What you will do: Take the entries below and reproduce exactly the portion that begins at the line containing "roman école des" and ends at the line containing "A contemporary brand", keeping both ends, dropping pictures, and adding nothing else.

Given records:
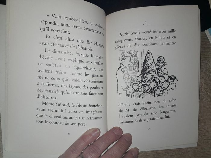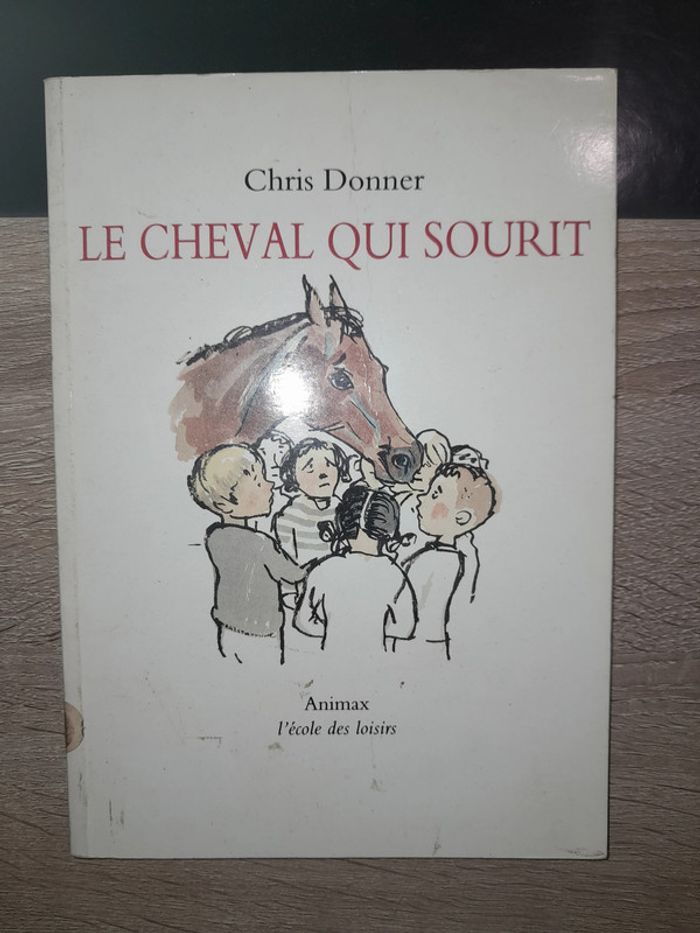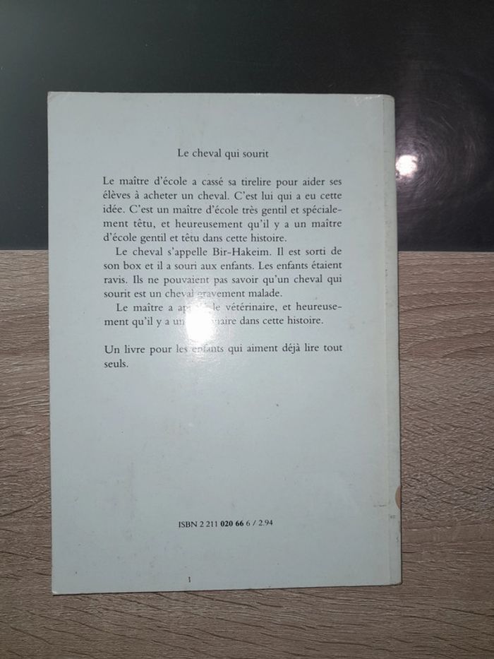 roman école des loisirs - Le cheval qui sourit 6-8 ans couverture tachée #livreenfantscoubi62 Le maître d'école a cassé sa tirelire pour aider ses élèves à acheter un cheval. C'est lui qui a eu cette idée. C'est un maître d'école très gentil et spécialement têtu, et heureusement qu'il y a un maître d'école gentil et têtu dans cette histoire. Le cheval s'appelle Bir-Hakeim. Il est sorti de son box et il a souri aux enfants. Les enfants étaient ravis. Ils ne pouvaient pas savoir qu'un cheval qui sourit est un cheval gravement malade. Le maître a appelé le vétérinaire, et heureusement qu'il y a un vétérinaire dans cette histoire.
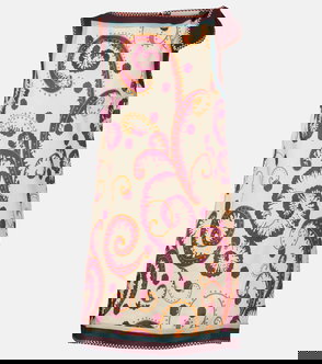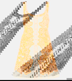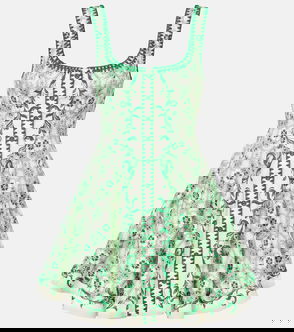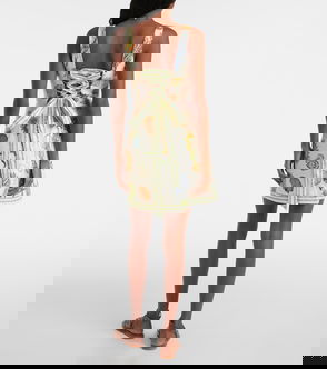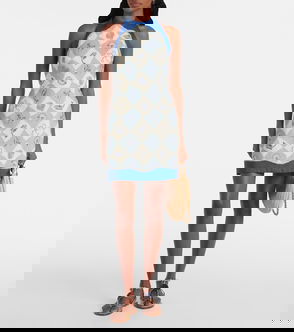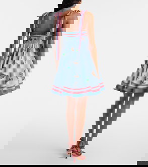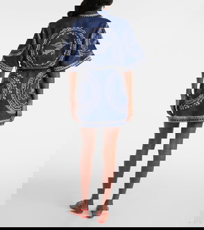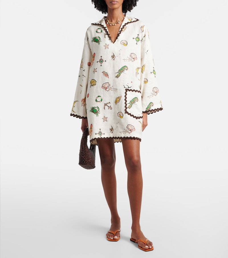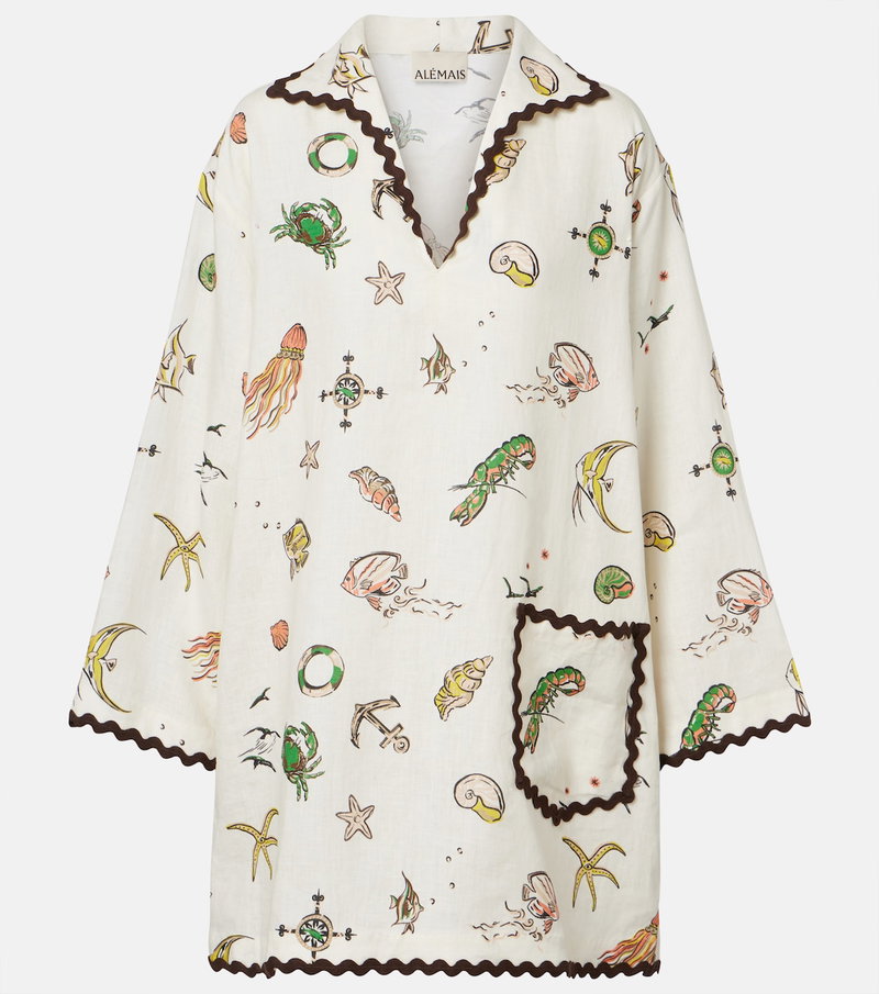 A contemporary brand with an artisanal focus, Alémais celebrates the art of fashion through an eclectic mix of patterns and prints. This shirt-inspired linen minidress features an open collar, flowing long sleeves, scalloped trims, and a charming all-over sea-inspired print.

--

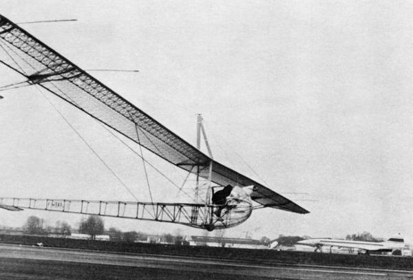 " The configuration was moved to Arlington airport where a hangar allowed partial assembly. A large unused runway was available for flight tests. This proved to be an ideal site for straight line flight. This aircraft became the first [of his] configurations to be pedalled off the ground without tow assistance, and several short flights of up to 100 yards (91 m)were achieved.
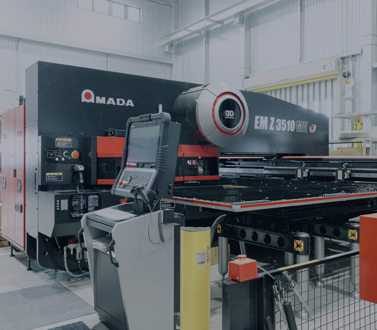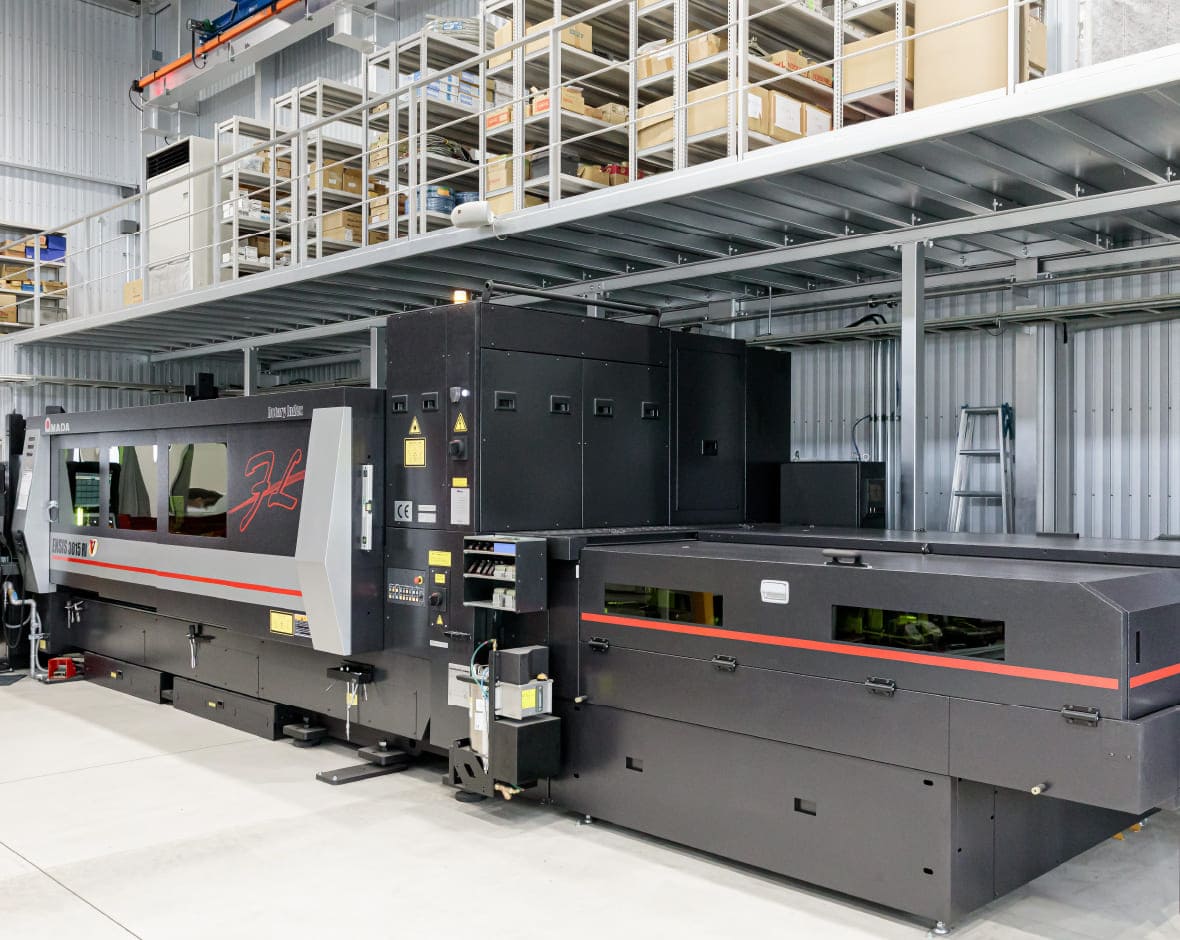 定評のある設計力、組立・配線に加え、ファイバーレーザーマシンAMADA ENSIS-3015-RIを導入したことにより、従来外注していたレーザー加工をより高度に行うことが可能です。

Solved problem:
 roman école des loisirs - Le cheval qui sourit 6-8 ans couverture tachée #livreenfantscoubi62 Le maître d'école a cassé sa tirelire pour aider ses élèves à acheter un cheval. C'est lui qui a eu cette idée. C'est un maître d'école très gentil et spécialement têtu, et heureusement qu'il y a un maître d'école gentil et têtu dans cette histoire. Le cheval s'appelle Bir-Hakeim. Il est sorti de son box et il a souri aux enfants. Les enfants étaient ravis. Ils ne pouvaient pas savoir qu'un cheval qui sourit est un cheval gravement malade. Le maître a appelé le vétérinaire, et heureusement qu'il y a un vétérinaire dans cette histoire.
 A contemporary brand with an artisanal focus, Alémais celebrates the art of fashion through an eclectic mix of patterns and prints. This shirt-inspired linen minidress features an open collar, flowing long sleeves, scalloped trims, and a charming all-over sea-inspired print.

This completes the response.